25Vgl. OVG NRW, Urteil vom 6. Juli 2012 – 2 D 27/11.NE –, juris, Rn. 63, Beschlüsse vom 29. August 2011 – 2 B 940/11 –, juris, Rn. 22, und vom 9. Februar 2009 – 10 B 1713/08 –, juris, Rn. 30, jeweils m. w. N.
26Dabei ist auch insoweit gewerblich genutzten Grundstücken und deren Bebauung in einem festgesetzten Industriegebiet ein deutlich größeres Ausmaß an Verschattung zuzumuten als etwa einem Wohngrundstück in einem Wohnumfeld.
27Der Rat hat die von dem Hochregallager und der Kommissionierungshalle ausgehende Verschattung der umliegenden Grundstücke ermittelt. Für eine unzumutbare Verschattung des Grundstücks J.-straße 11 ergeben sich schon angesichts der Entfernung des Grundstücks von dem Hochregallager und der Lage des Grundstücks westlich des Plangebiets keine Anhaltspunkte. Dass insbesondere in den Wintermonaten auch das Grundstück J.-straße 11 in den Morgenstunden im Schatten des Hochregallagers liegen kann, genügt hierfür nicht. Ein Anspruch darauf, dass bei einer weiteren baulichen Ausnutzung der Nachbargrundstücke etwa die in dem Betriebsgebäude der I. Fenster- und Türenfabrik GmbH & Co. KG befindlichen Ausstellungsräume nicht schlechter belichtet werden als derzeit, besteht nicht. Auch wenn das Flurstück 518 bei Errichtung des Hochregallagers zukünftig insbesondere in den Vormittagsstunden je nach Jahreszeit mehr oder weniger stark verschattet werden kann, ist insoweit ebenfalls keine Belastung zu erkennen, die für ein Grundstück in einem Industriegebiet unzumutbar sein könnte. Dass die Belichtung der zur Produktion oder als Büros genutzten Räume in einem künftigen Betriebsgebäude wegen des von dem Hochregallager verursachten Schattens mehr künstliches Licht erfordern würde, macht das Hochregallager nicht unzumutbar.

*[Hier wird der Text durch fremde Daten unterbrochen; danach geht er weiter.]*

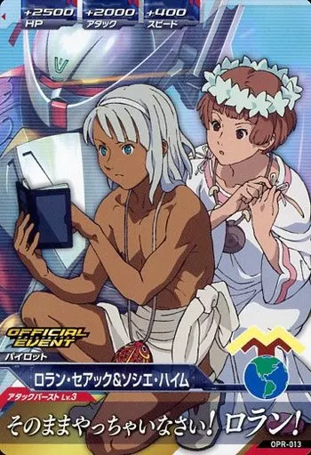 分類:パイロット/レア度:PRシリーズ:「NEWスペシャルカードパック03」商品解説■ガンダムトライエイジとはモビルスーツカード3枚、パイロットカード3枚の計6枚のカードで3機編成の小隊を組んで戦う進化系ガンダムカードバトルだ!
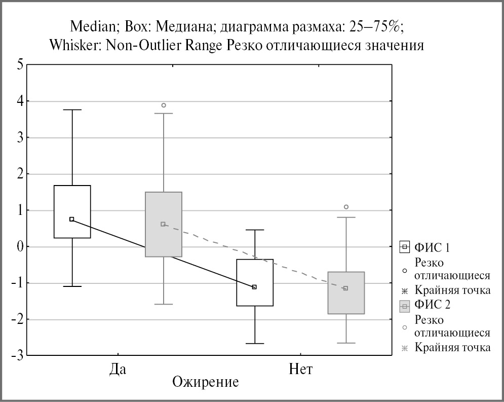 ФИС оказался статистически значимо выше у пациентов с ожирением – 0,7 (0,2–1,7) против -1,13 (-1,6–0,4) у пациентов без ожирения (рис. 1). В динамике на фоне проводимой терапии этот показатель значимо снизился в обеих группах.

28Soweit der Antragsteller befürchtet, dass von dem Hochregallager und der Kommissionierungshalle erhebliche Lärmimmissionen auf die besagten Grundstücke ausgehen werden, zeigt er nicht auf, dass eine Umsetzung des Bebauungsplans insoweit zu einer offensichtlichen konkreten Beeinträchtigung führen würde, die eine einstweilige Anordnung jedenfalls deshalb dringend geboten erscheinen ließe.
29Wie bereits vorstehend ausgeführt unterschreiten die prognostizierten planbedingten Geräuschimmissionen an dem IP 01 den für den Tagbetrieb maßgeblichen Immissionsrichtwert für Industriegebiete um 10 dB(A). Der Antragsteller räumt selbst ein, dass die von dem Betrieb der neu zugelassenen Anlagen ausgehenden, auf das Flurstück 518 und das Grundstück J.-straße 11 einwirkenden Geräuschimmissionen wegen der abschirmenden Wirkung des Hochregallagers „von untergeordneter Bedeutung“ sind. Soweit er bezweifelt, dass die der schalltechnischen Untersuchung zugrunde gelegte Zahl der täglich zu erwartenden Lkw-Fahrten realistisch sei, ist angesichts ihrer Ergebnisse nicht davon auszugehen, dass bei einer nach Auffassung des Antragstellers realistischen Zahl von Lkw-Fahrten die Geräuscheinwirkungen auf die besagten Grundstücke die Schwelle einer konkreten Beeinträchtigung überschreiten würden. Dies gilt auch mit Blick auf die möglicherweise unterbliebene Berücksichtigung der von der bereits vorhandenen Lkw-Waage an der E.-straße ausgehenden Lärmbelastung.
30Die Kostenentscheidung folgt aus den §§ 154 Abs. 1, 162 Abs. 3 VwGO.
31Die Streitwertfestsetzung beruht auf den §§ 52 Abs. 1, 53 Abs. 2 Nr. 2 GKG.
32Der Beschluss ist unanfechtbar (§ 152 Abs. 1 VwGO).